The four days between the invitation and the banquet passed with the slow, viscous quality of honey dripping from a spoon. Wen Yu moved through them with the mechanical precision of a man who had divided his remaining time into discrete, manageable tasks, each one a stepping stone toward Saturday evening. He did not allow himself to think about the destination. He thought only about the steps.
On Wednesday morning, he visited a chemical supply warehouse in the industrial district on the eastern edge of the city. The warehouse was a low, gray building wedged between a meat processing plant and a textile factory, and it smelled of industrial solvents and bureaucratic indifference. Wen Yu wore a pressed shirt and carried a clipboard he had purchased at a stationery store the previous afternoon. He told the clerk he was a laboratory assistant at a biomedical research facility, and he presented a forged purchase order that he had assembled on his laptop using templates downloaded from a website that no longer existed. The clerk, a tired man in his fifties with nicotine-stained fingers, barely glanced at the documents. Within twenty minutes, Wen Yu was walking back to his car with a small, unremarkable box containing two vials of a compound called tetramethylenedisulfotetramine, a synthetic neurotoxin that was colorless, odorless, and lethal in quantities so minute that a single gram could kill a room full of people.
The compound had been banned for commercial use for nearly two decades, but it was still manufactured in small quantities for research purposes. Wen Yu had learned about it in a documentary he had watched during one of his sleepless nights, and he had spent three days researching its properties, its acquisition, its precise lethal dosage. The research had been methodical, dispassionate, almost soothing. It was the same kind of focus he had once applied to learning guitar scales, back when he still believed that mastery of a craft could transform a life. The difference was that guitar scales had never given him what he truly wanted. This, he suspected, would be different.

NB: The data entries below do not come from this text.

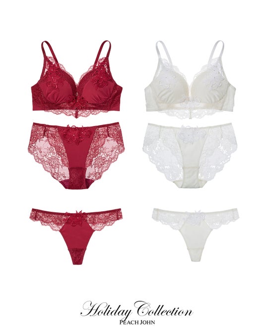 ホリデーの定番カラー “レッド”ランジェリーをはじめ、ふわふわ素材やキラリと煌めくラメを使用した、とっておきのラインナップです。その他、店舗限定で人気ノンワイヤーブラの新デザインを発売するほか、お世話になった方へのプレゼントとしてもぴったりのギフトセットも展開中です。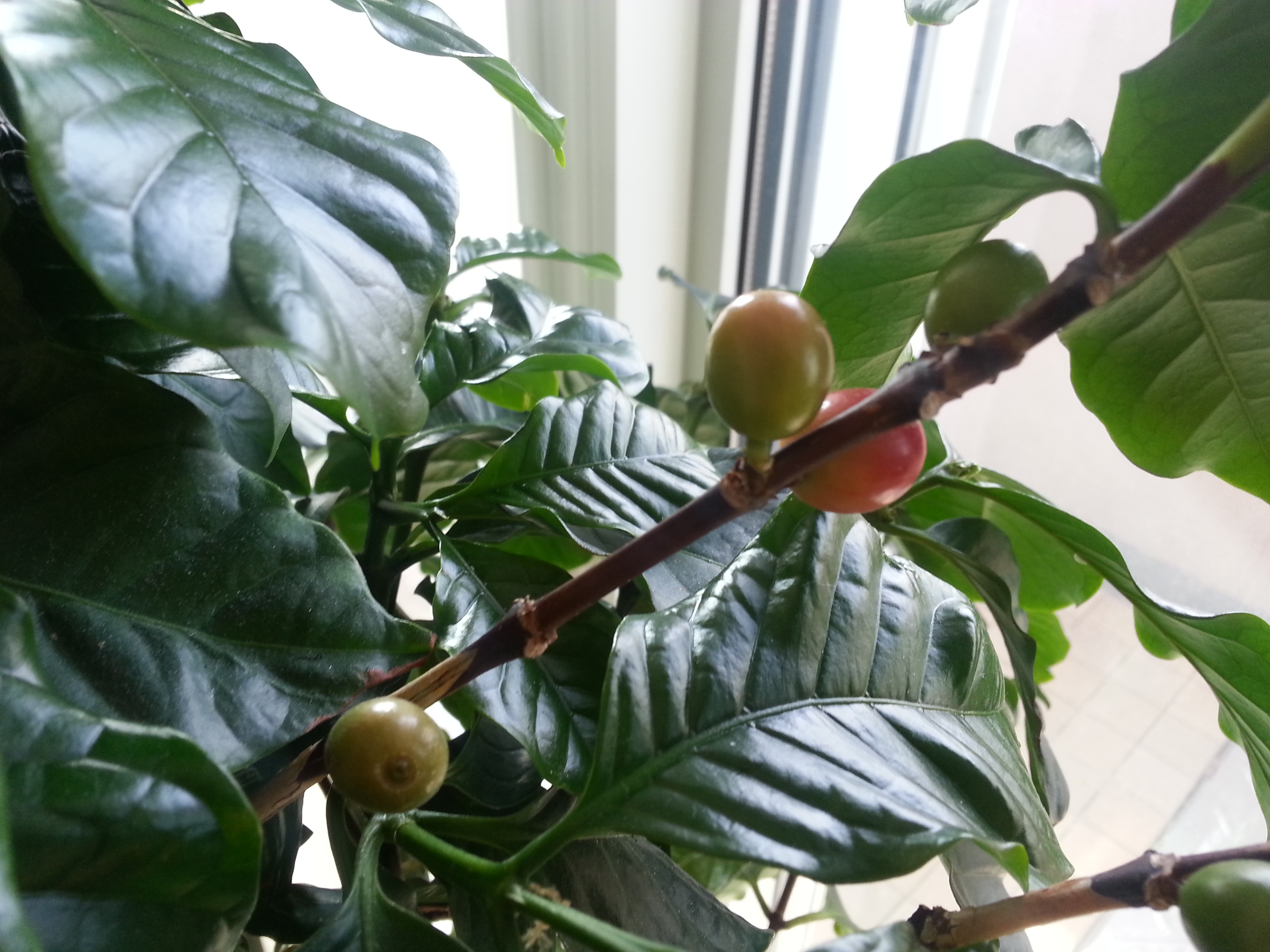 休眠状態から少し日差しを浴びて、チェリーが色着き始めました。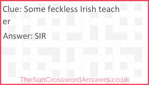 Some feckless Irish teacher is a crossword clue for which we have 1 possible answer and we have spotted 3 times in our database. This crossword clue was last seen on 19 August 2023 in The Sun Cryptic Crossword puzzle!
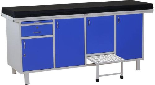 Overall approx. Size : L 1830 mm x W 575 mm x H 850 mm. Frame : CRCA Rectangular Tubes, CRCA sheet cabinets. 100 mm thick reversible foam mattress. Four cabinets - One with lock & one drawer with lock. Â Sliding stepping stool & Writing pad. Pre-treated & Epoxy powder coated. Optional : Lock facility for remaining Cabinets.

He stored the vials in a padded case beneath the spare tire in the trunk of his car and drove home through streets that were slick with an unseasonable rain. The windshield wipers beat a steady rhythm, and Wen Yu found himself humming along, a fragment of a melody he could not name. He was in a good mood. That was the strangest part. He was in a better mood than he had been in years.
On Thursday, he visited Emerald Bay’s community center, a cheerful building with floor-to-ceiling windows and a bulletin board covered in flyers for yoga classes and neighborhood watch meetings. The center hosted a weekly coffee morning for residents, and Wen Yu had never attended before. Today he did. He arrived at ten o’clock, accepted a cup of weak coffee from the carafe on the counter, and seated himself at a table near the window where he could observe the room without being conspicuous.
The coffee morning was attended by a rotating cast of neighbors, mostly retirees and stay-at-home parents, and Wen Yu listened to their conversations with the attentive ear of a composer transcribing a symphony. He learned that Mrs. Chen from Unit 4-502 was furious with the homeowners’ association about a disputed fence line. He learned that Mr. Zhang from Unit 9-201 had been passed over for a promotion and was drinking more than his wife considered acceptable. He learned that the Wang family, whose son’s academic struggles had been an open secret for months, had recently hired a private tutor at an expense they could not afford, and that Mrs. Wang had been crying in the parking lot of the tutoring center.
None of this information was new to Wen Yu. He had already assembled it, piece by piece, from the fragmentary evidence of the group chat. But hearing it spoken aloud, watching the neighbors lean toward one another with expressions of practiced sympathy, observing the way their voices dropped to theatrical whispers—this was different. This was three-dimensional. This was raw material.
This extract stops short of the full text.